Durante il primo livello del Maitland, che è un corso di specializzazione post laurea in Terapia Manuale, abbiamo affrontato tra le varie tematiche, anche il dolore laterale al gomito. Mi ricordo di essere rimasta stupefatta, quando mi mostrarono una tabella, contenente la maggior parte delle strutture del corpo che possono far provare dolore proprio in questa zona. Ne elenco giusto qualcuna:
-a livello locale: Muscoli Estensore comune delle dita, Estensore radiale breve del carpo, Supinatore, Anconeo, Brachioradiale, Nervo Radiale e Muscolocutaneo, Articolazioni omero-radiale, radio-ulnare, radio-anulare
-a distanza: Muscoli scaleni, SCOM, Pettorali, Tricipite, Sovraspinato, quinta e sesta vertebra cervicale, dalla prima alla nona vertebra toracica, dalla prima alla nona costa, Radici nervose di C5,C6,C7, Dura Madre, oltre a Fasce, Arterie, Vene, Borse..
Non sono solo le strutture, locali e a distanza, che devono essere passate al setaccio; è fondamentale anche capire il meccanismo che sta provocando o mantenendo il problema.

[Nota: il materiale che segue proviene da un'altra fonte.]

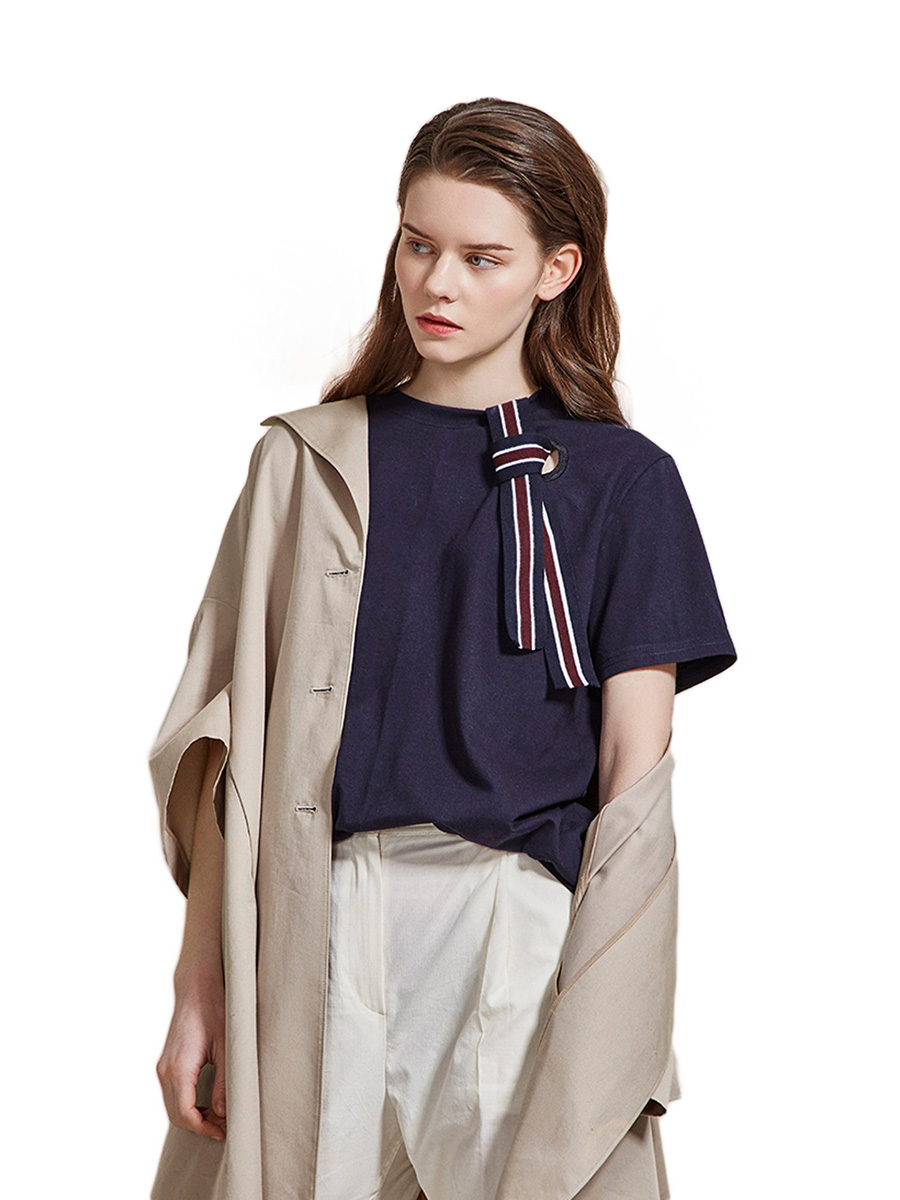 Hollow out ribbon loose t-shirt

Ad esempio, possiamo riscontrare un'instabilità a carico dell'articolazione coinvolta, una Tendinosi, una patologia artrosica, un intrappolamento del nervo, un'ernia cervicale, una limitazione in rotazione di spalla, una debolezza al polso..
Mi rendo conto che in prima battuta, per chi sta leggendo, questa spiegazione possa gettare un pò di confusione e creare sconforto. Al contrario però vorrei far passare il messaggio dell'importanza che ha una diagnosi fisioterapica precisa ed accurata, eseguita nelle primissime fasi in cui si inizia a trattare il problema, perchè in base a quella, il percorso terapeutico e la prognosi cambiano in maniera radicale.
Io credo che la frequente formulazione della classica diagnosi di epicondilite, possa generare un iter terapeutico standardizzato e non sempre preciso, che a volte porta ad allungare o rallentare la guarigione oppure a non centrare l'obiettivo in maniera diretta.
Un fattore che spesso fa sbagliare le diagnosi, sta proprio in quella batteria di test usati dai clinici, che possono dare risultati positivi, non solo se è coinvolto il classico tendine, ma anche se è interessata l'articolazione o il nervo, magari compresso a livello cervicale... per cui all'inizio, occorre impiegare tempo e scrupolo, per combinare un insieme di test e di valutazione di numerose strutture, anche di distretti distanti dal gomito, e assieme all'anamnesi formulare una diagnosi fisioterapica precisa.